Mordechai Twersky

Graphic by Angelie Zaslavsky
Hundreds of alumni from Yeshiva University High School for Boys knew that their former administrator, Rabbi George Finkelstein, behaved inappropriately with students during the 1970s, ’80s and ’90s. But only one of those students, Mordechai Twersky, battled to ensure that the allegations saw the light of day.
Ignored for decades by Yeshiva University’s presidents Rabbi Norman Lamm and Richard Joel, Twersky finally went public in February 2012, with an article in the online magazine, The Beacon, accusing an unnamed former associate principal of wrestling students “to the ground against their will and pin[ning] his stimulated body over theirs.”
That article brought Twersky a flood of calls and emails from former Y.U. high school students, complaining about abuse at the hands of Finkelstein and other former Y.U. staff members. Twersky, 49, brought these complaints to the Forward, resulting in a series of articles that, in addition to Finkelstein, identified the high school Talmud teacher Rabbi Macy Gordon and Richard Andron, a frequent visitor to the school, as alleged abusers of boys. Subsequently, 34 former students, including Twersky, launched a $380 million lawsuit against Y.U., claiming that the institution fraudulently covered up their abuse.
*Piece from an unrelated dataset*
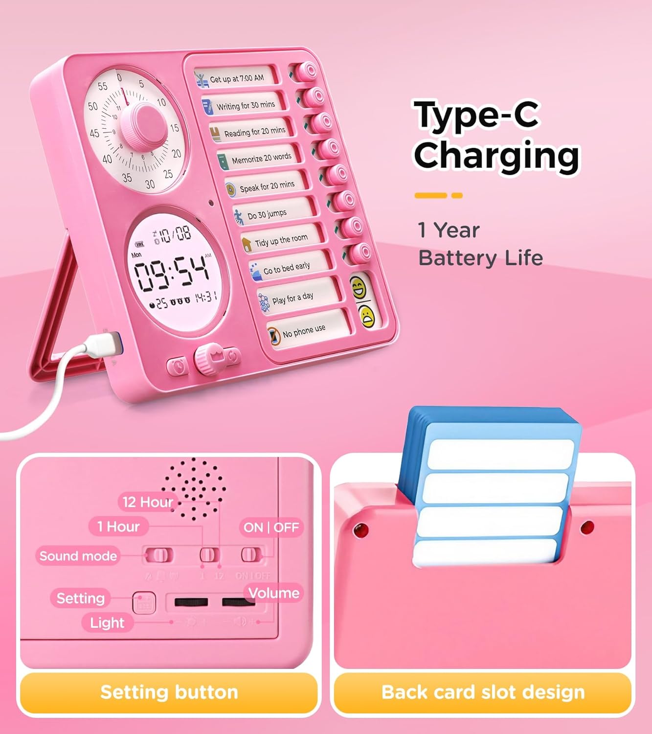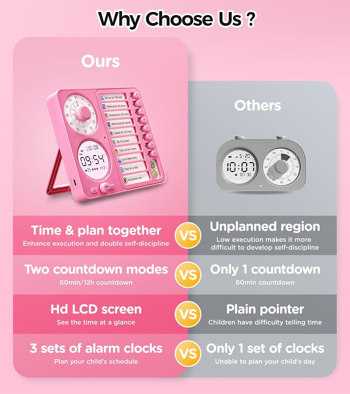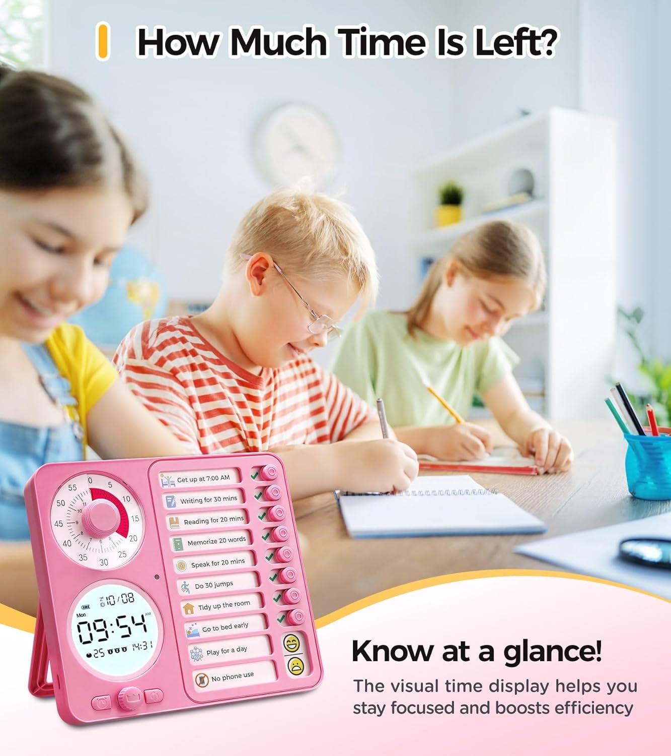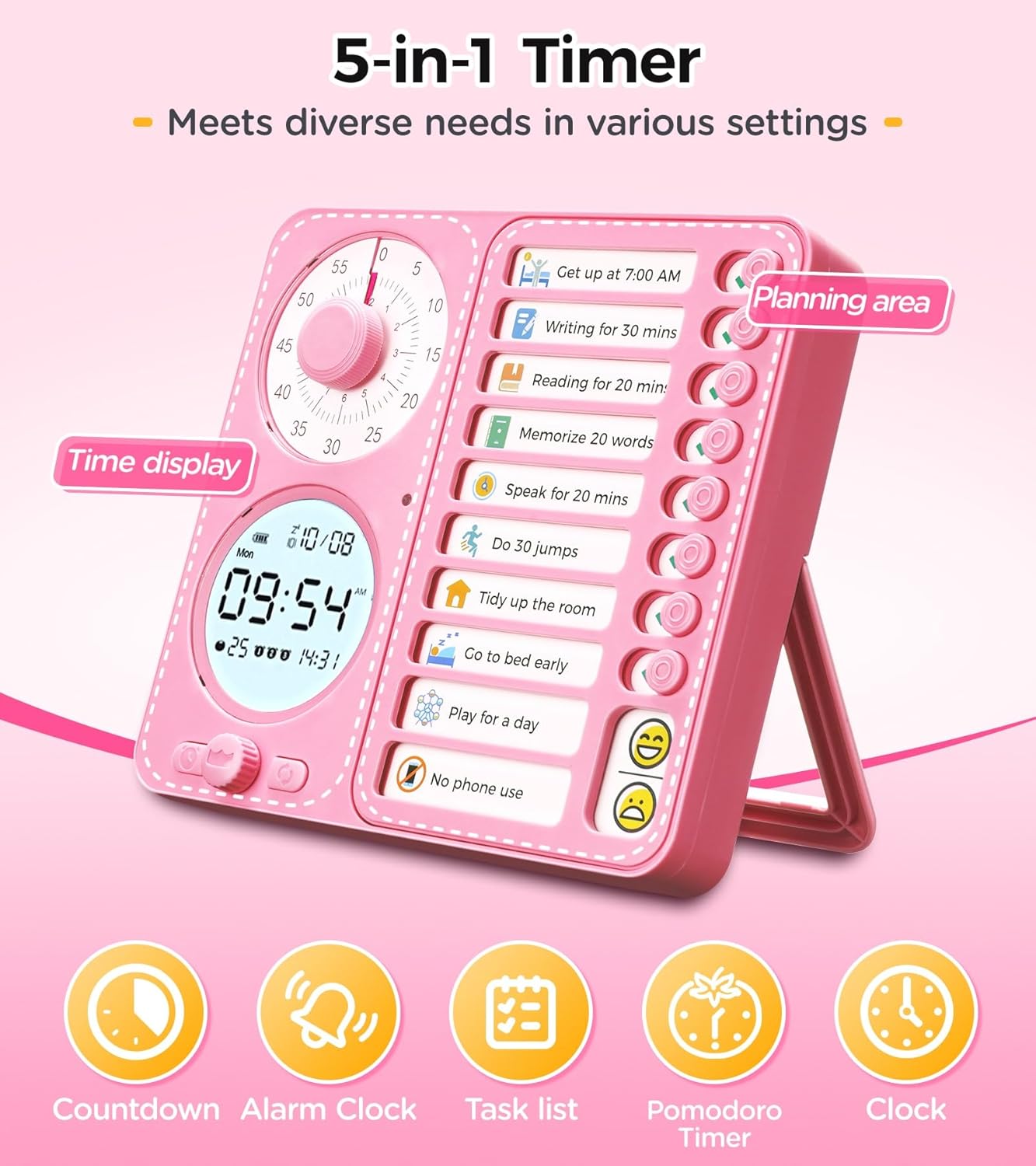 3-in-1 Visual Timer for Kids & Adults : This time management tool combines visual timer, digital clock, and chore chart, helping both kids and adults stay on schedule. Designed for kids with ADHD, ASD, and special needs, this productivity timer ensures a distraction-free, making it ideal for classrooms and study areas and home,building important planning skills

An eight-month internal investigation commissioned by Y.U. discovered that allegations of abuse were mishandled over several decades at the high school, as well as at other Y.U. institutions. Y.U. refuses to divulge the findings of its investigation, so the extent and severity of the abuse are still unknown. But without Twersky’s brave decision to speak out, the issue of abuse at Y.U. would still be a secret today.